Afghanistan. Dopo il voto più pressione della Nato sui Talebani
27 Settembre 2010
di redazione
Una decina di giorni dopo le elezioni legislative, ed in attesa di risultati che certamente susciteranno polemiche, sono le operazioni militari a rubare la scena in Afghanistan, per la determinazione delle forze della Coalizione internazionale di ridimensionare una volta per tutte il potere dei talebani colpendoli nei loro stessi santuari, oltre confine in Pakistan, o nella provincia meridionale di Kandahar.
Terminata l’integrazione dell’ultimo contingente di oltre 30.000 uomini inviato dal presidente Barack Obama per un "surge" definitivo contro gli insorti, i diversi reparti della Forza internazionale di assistenza alla sicurezza (Isaf, sotto comando Nato) hanno impresso una accelerazione alle loro azioni in molte province afghane.
Questa strategia si sviluppa fra mille drammatici ostacoli che coinvolgono l’opinione pubblica, come le conseguenze di un bombardamento venerdì dell’Isaf nella provincia orientale di Laghman in cui potrebbero essere morti molti civili, o come il comportamento del soldato americano Jeremy N. Morlock, 22 anni, che ha raccontato come lui e alcuni compagni facessero parte di un ‘kill team’ che uccideva persone inermi per sport.

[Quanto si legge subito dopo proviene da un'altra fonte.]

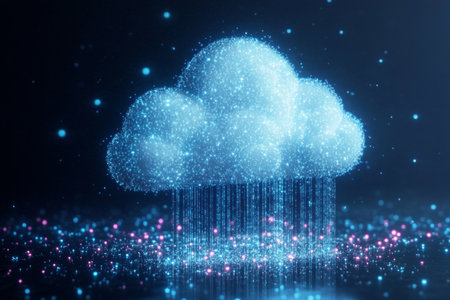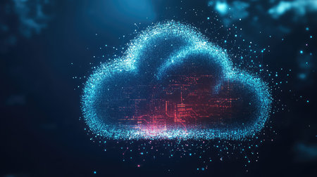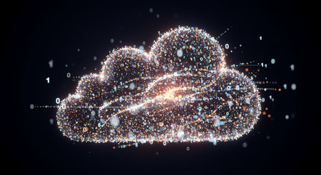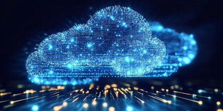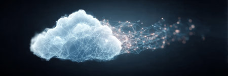 This stunning abstract image features a cloud rendered with digital connections, sparkles, and particles against a dark background, ideal for technology and innovation themes.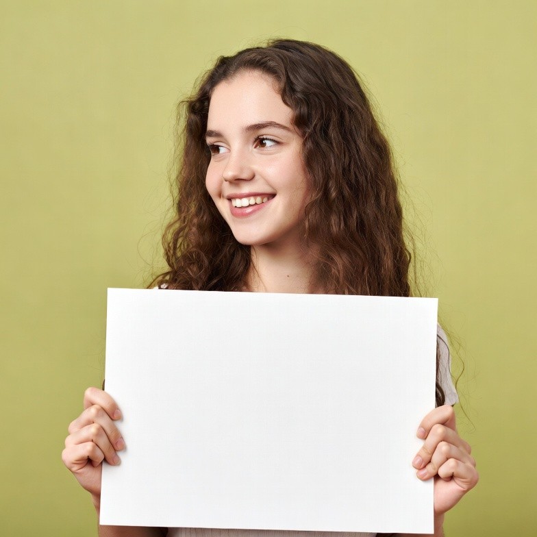 A young girl with curly brown hair smiles while holding a large white blank sign in front of her. She stands against a bright green background, wearing a light-colored top. Her expression is cheerful with eyes looking slightly to the side.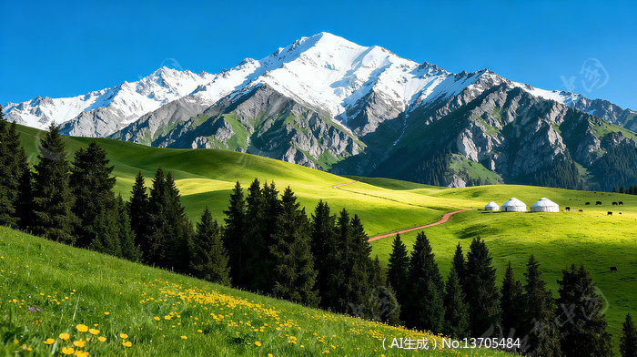 雪山山脚下的草原与松林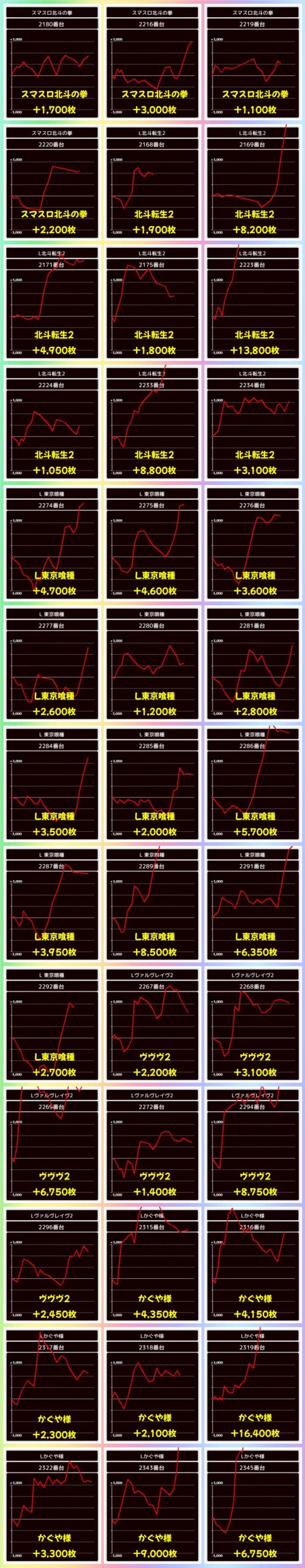 少台数かつ人気スマスロにも扱いの良い機種が多数あり!いずれも勝率は50%を超えており、からくりからは万枚台も!各機種3000枚クラスやそれ以上の台が確認できたので、各機種1台以上は高品質台があったのは間違いないでしょう!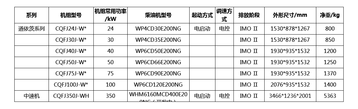 船用燃气机组使用WP4/P6/WP10/WP12/WP13/170/博杜安系列气体机为动力,转速为1500r/min,配套国内知名品牌发电机;功率范围24-500 kW,全面满足国际排放法规,可达到IMO TierⅡ、中国一排放要求,提供CCS船检证书。

Ma bisogna andare avanti, come hanno provato ieri sera i vertici militari dell’Alleanza quando hanno autorizzato l’invio di due elicotteri Apache per bombardare nel Waziristan pachistano nascondigli di talebani della cosiddetta "Rete Haqqani" che giorni fa avevano realizzato una offensiva contro la base americana Narizah, nella provincia afghana di Khost.
I morti sono stati decine e fonti Isaf si sono preoccupate di sottolineare che non si è trattato di uno sconfinamento illegale "perché gli elicotteri stavano seguendo le regole di ingaggio quando hanno varcato il confine con il Pakistan". Come era da immaginare, questo non ha soddisfatto il governo pachistano che ha presentato una protesta formale presso la Nato a Bruxelles sostenendo che si tratta di una "evidente infrazione e violazione del mandato in base al quale opera l’Isaf" in Afghanistan. Ma è a sud, nella regione di Kandahar considerata il principale santuario dei Talebani pashtun, che si sta giocando da qualche tempo la partita più importante con la complessa Operazione Hamkari (in dari, Cooperazione) che ormai alla sua terza fase da giugno, è giunta alle porte di Kandahar City. Lo ha annunciato in conferenza stampa il portavoce dellàIsaf, il generale tedesco Josef Blotz, che ha confermato come "specificamente Hamkari, la nostra operazione dentro e attorno Kandahar, è entrata in una importante fase, denominata ‘Operation Dragon Strike’".
Blotz ha sottolineato che l’arrivo dell’ultimo contingente statunitense ha permesso di cambiare marcia alle forze militari internazionali e che "ora sono cominciate operazioni di ripulitura attorno ai distretti di Zharay e Panjwài, dove ci aspettiamo combattimenti molto intensi". A differenza della precedente Operazione Moshtarak (Insieme) nella vicina provincia di Helmand che non sembra aver raggiunto tutti i risultati prefissati quella a Kandahar, oltre ad aver avuto finora un profilo molto più basso, è costruita su una architettura molto più complessa..’.Come ha spiegato il generale Claudio Mori, sottocapo dello Stato maggiore dell’Isaf a Kabul, "operazioni come Hamkari sono sempre più associate alla ricostruzione, La dottrina che applichiamo – ha aggiunto – prevede fasi concatenate e necessarie: shaping (delineamento dell’obiettivo), cleaning (pulizia), holding (consolidamento del controllo), e building (costruzione)".